Tertiary structure is the three-dimensional fold of the entire polypeptide chain, stabilized by interactions between amino acid side chains: hydrophobic clustering in the protein core, hydrogen bonds, ionic interactions (salt bridges), and disulfide bonds between cysteine residues. Tertiary structure determines the enzyme active site, binding pockets, and biological function of the protein. While secondary structure is determined by backbone geometry, tertiary structure depends critically on the amino acid sequence and the biological environment (pH, ionic strength, temperature).
Study structures of 2-3 well-characterized proteins (hemoglobin, myoglobin, lysozyme) using visualization tools. Identify hydrophobic cores, active sites, disulfide bonds, and surface-exposed versus buried residues. Run a protein folding simulation or exploration game.
You have already learned how the polypeptide backbone can fold into local regular patterns — alpha-helices and beta-sheets — through hydrogen bonding between backbone atoms. That was secondary structure. Tertiary structure is the next level up: the overall three-dimensional shape of the entire polypeptide chain, with all those helices and sheets packed together and stabilized by interactions between amino acid side chains.
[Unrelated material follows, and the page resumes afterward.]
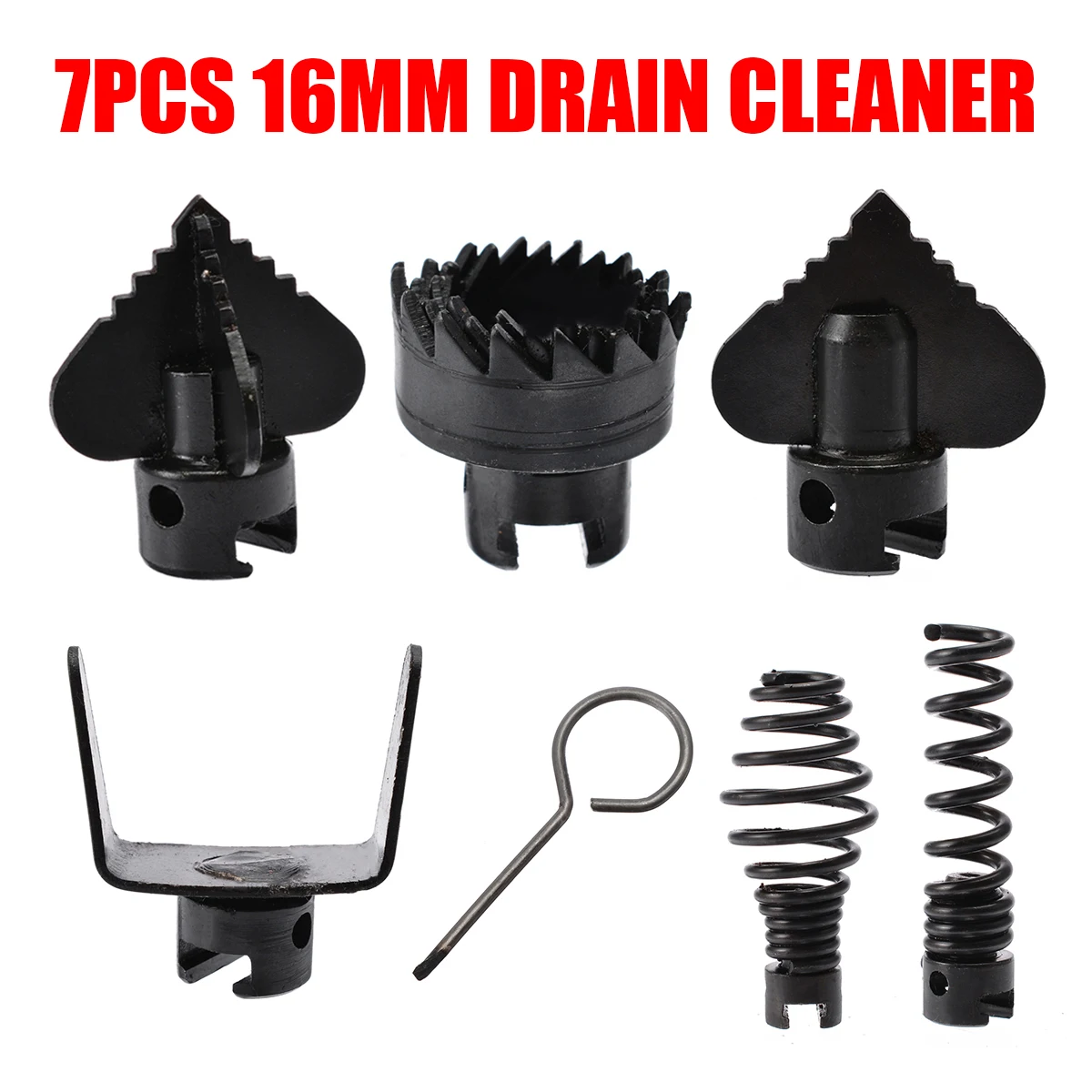 7 шт., Набор насадок для очистки дренажа из марганцевой стали

This is the level of structure that determines what a protein actually does.
The dominant force driving tertiary folding in water-soluble proteins is the hydrophobic effect. Nonpolar amino acid side chains (leucine, valine, phenylalanine, and others) are thermodynamically costly to expose to water — they disrupt the hydrogen-bond network that water molecules form with each other. The thermodynamically favorable solution is to bury these nonpolar residues in the interior of the protein, away from water. This is not simply "like dissolves like"; it is primarily an entropic effect — burying the hydrophobic residues releases the water molecules around them, increasing the entropy of the surrounding solvent. The result is a protein with a compact hydrophobic core and polar, water-compatible residues on the surface.
Several other interactions fine-tune and stabilize the folded structure. Hydrogen bonds form between polar side chains and between side chains and the backbone. Ionic interactions — called salt bridges — form between oppositely charged side chains (e.g., a lysine with a glutamate). Disulfide bonds, covalent links between cysteine residues, can lock parts of the structure in place, but only in oxidizing environments like the endoplasmic reticulum or extracellular space; the cytoplasm is reducing, so intracellular proteins rarely have them.
An important correction to intuition: proteins are not rigid sculptures. Tertiary structure is a thermodynamic average — proteins constantly fluctuate and "breathe" around their folded conformation. Some regions are rigidly constrained, others are flexible. This dynamic quality is often functionally essential: enzyme active sites open and close, binding pockets flex to accommodate ligands, and allosteric proteins shift between conformations in response to regulatory signals. A static X-ray crystal structure is a snapshot, not the whole story.
The reason tertiary structure matters so profoundly is that it creates the specific three-dimensional geometry of active sites and binding surfaces. A single amino acid substitution that disrupts the hydrophobic core or a critical interaction can destabilize the entire fold, leading to a nonfunctional protein. This is why many disease-causing mutations map to buried residues — even a conservative change in a hydrophobic core residue can prevent proper folding.